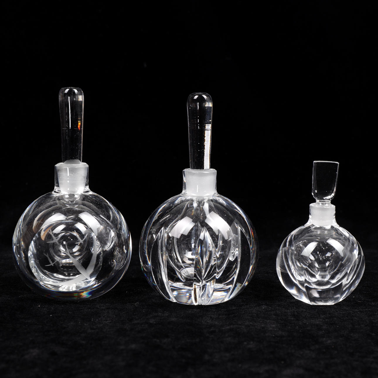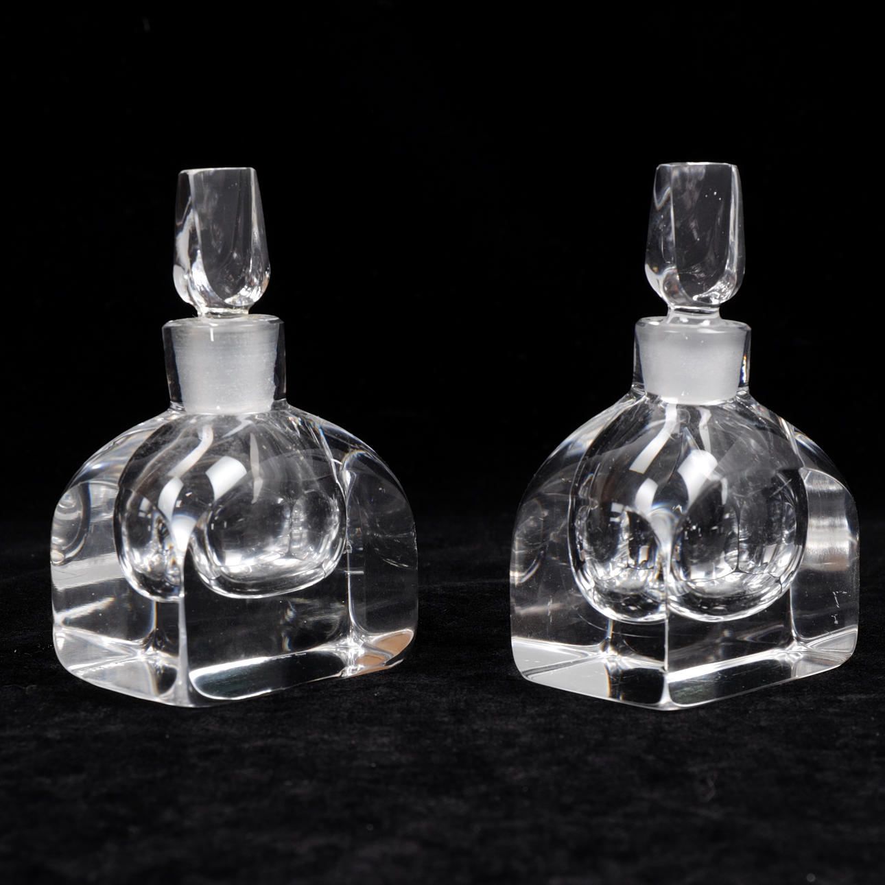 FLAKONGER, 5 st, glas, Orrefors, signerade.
==
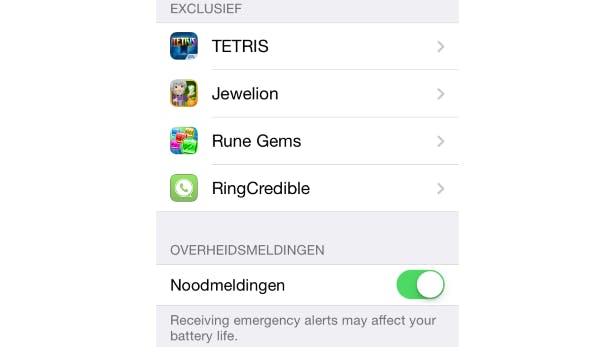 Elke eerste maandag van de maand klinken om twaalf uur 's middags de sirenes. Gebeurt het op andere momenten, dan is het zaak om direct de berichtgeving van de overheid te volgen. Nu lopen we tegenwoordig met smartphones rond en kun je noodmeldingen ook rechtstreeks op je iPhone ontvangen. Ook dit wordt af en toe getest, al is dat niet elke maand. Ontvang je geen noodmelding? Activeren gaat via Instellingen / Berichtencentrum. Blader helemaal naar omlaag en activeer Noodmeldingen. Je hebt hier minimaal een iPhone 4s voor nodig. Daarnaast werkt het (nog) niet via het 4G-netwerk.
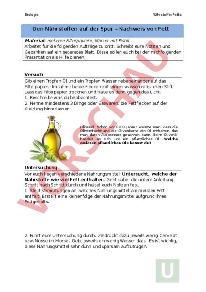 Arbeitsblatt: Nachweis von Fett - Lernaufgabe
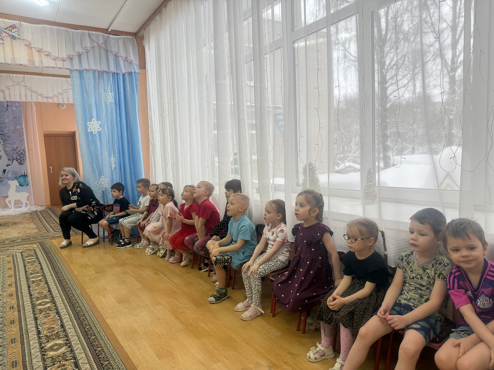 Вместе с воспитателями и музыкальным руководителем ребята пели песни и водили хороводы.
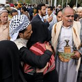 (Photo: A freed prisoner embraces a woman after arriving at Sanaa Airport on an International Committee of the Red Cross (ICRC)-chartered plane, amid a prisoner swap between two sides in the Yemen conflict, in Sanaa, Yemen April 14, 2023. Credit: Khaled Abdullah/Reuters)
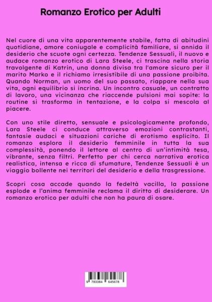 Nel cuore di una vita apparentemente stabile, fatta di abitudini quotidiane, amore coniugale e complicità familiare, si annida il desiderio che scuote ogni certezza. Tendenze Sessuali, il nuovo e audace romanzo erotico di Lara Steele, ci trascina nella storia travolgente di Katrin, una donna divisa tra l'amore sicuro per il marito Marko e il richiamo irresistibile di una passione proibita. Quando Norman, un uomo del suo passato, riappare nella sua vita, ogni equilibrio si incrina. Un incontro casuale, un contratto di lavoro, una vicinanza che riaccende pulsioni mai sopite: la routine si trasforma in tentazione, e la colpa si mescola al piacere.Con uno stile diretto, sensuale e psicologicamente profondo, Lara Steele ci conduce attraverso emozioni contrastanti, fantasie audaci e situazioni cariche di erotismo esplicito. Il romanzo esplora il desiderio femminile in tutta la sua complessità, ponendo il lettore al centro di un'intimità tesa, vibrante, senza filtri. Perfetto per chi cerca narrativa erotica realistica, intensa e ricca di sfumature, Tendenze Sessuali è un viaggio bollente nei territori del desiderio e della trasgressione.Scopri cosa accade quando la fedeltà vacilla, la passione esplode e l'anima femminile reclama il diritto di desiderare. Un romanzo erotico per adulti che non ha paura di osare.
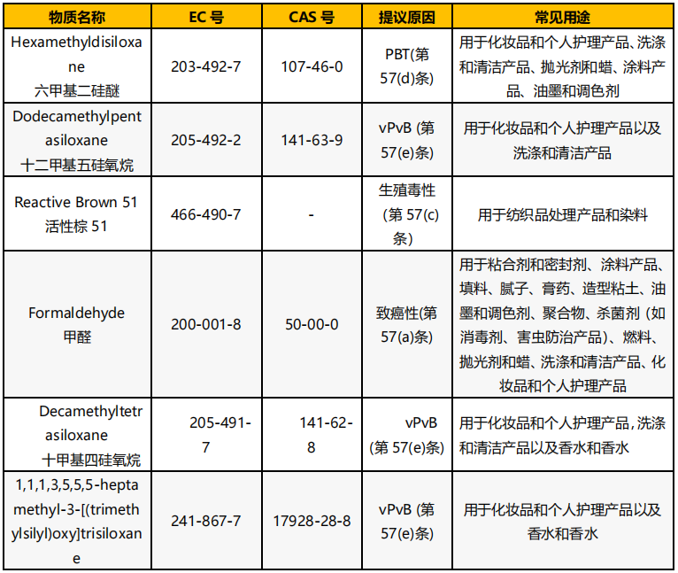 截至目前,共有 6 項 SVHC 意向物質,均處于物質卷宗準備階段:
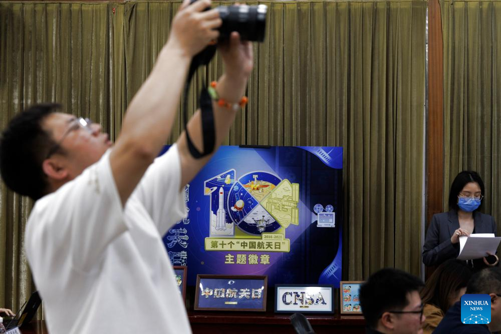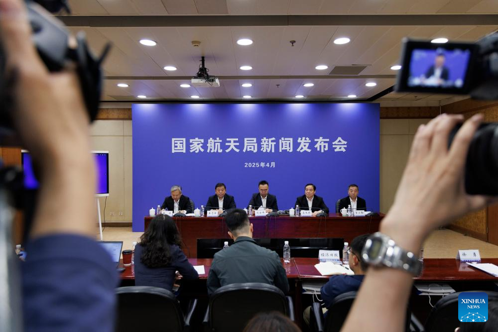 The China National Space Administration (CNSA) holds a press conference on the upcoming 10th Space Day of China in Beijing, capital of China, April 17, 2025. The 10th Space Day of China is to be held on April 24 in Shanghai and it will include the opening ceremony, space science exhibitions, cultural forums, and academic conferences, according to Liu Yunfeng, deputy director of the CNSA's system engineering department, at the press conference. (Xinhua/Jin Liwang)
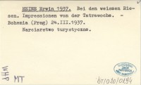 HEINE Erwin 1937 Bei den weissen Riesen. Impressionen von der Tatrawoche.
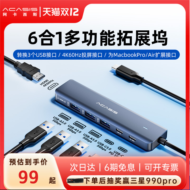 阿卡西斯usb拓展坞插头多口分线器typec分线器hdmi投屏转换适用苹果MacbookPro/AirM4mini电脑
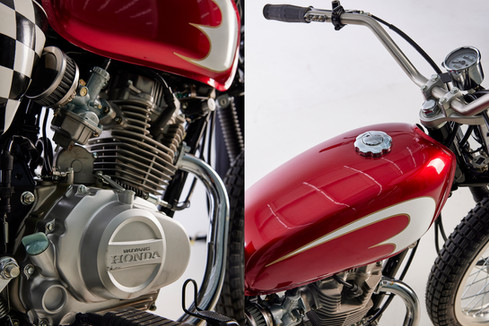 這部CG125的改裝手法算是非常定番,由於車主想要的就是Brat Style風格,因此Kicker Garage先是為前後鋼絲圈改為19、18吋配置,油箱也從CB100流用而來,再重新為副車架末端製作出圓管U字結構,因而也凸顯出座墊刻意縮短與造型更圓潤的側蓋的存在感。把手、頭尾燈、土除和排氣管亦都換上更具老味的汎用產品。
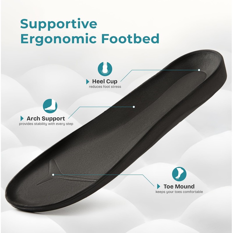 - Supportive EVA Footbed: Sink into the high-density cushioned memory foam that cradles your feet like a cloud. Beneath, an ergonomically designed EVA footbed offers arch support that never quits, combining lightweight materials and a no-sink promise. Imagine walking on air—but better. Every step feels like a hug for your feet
==
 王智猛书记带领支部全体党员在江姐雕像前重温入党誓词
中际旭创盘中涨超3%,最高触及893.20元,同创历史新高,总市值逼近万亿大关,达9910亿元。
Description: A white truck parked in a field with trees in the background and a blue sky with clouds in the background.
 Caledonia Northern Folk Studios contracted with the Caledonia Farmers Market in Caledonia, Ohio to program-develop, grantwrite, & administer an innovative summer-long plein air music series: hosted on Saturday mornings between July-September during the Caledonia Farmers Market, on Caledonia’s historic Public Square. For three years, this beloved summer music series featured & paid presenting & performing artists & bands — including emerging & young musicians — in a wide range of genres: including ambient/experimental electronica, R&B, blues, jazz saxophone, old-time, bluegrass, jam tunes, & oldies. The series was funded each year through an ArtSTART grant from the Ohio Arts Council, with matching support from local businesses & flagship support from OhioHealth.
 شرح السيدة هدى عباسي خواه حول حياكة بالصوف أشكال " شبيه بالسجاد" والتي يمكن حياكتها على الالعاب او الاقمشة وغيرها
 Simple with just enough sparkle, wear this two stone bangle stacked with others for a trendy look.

Task brief: With pictures omitted, repeat the entries above word for word from the line holding "截至目前,共有 6 項" down to the line holding "- Supportive EVA", keeping both of those lines.

Answer:
 截至目前,共有 6 項 SVHC 意向物質,均處于物質卷宗準備階段:
 The China National Space Administration (CNSA) holds a press conference on the upcoming 10th Space Day of China in Beijing, capital of China, April 17, 2025. The 10th Space Day of China is to be held on April 24 in Shanghai and it will include the opening ceremony, space science exhibitions, cultural forums, and academic conferences, according to Liu Yunfeng, deputy director of the CNSA's system engineering department, at the press conference. (Xinhua/Jin Liwang)
 HEINE Erwin 1937 Bei den weissen Riesen. Impressionen von der Tatrawoche.
 阿卡西斯usb拓展坞插头多口分线器typec分线器hdmi投屏转换适用苹果MacbookPro/AirM4mini电脑
 這部CG125的改裝手法算是非常定番,由於車主想要的就是Brat Style風格,因此Kicker Garage先是為前後鋼絲圈改為19、18吋配置,油箱也從CB100流用而來,再重新為副車架末端製作出圓管U字結構,因而也凸顯出座墊刻意縮短與造型更圓潤的側蓋的存在感。把手、頭尾燈、土除和排氣管亦都換上更具老味的汎用產品。
 - Supportive EVA Footbed: Sink into the high-density cushioned memory foam that cradles your feet like a cloud. Beneath, an ergonomically designed EVA footbed offers arch support that never quits, combining lightweight materials and a no-sink promise. Imagine walking on air—but better. Every step feels like a hug for your feet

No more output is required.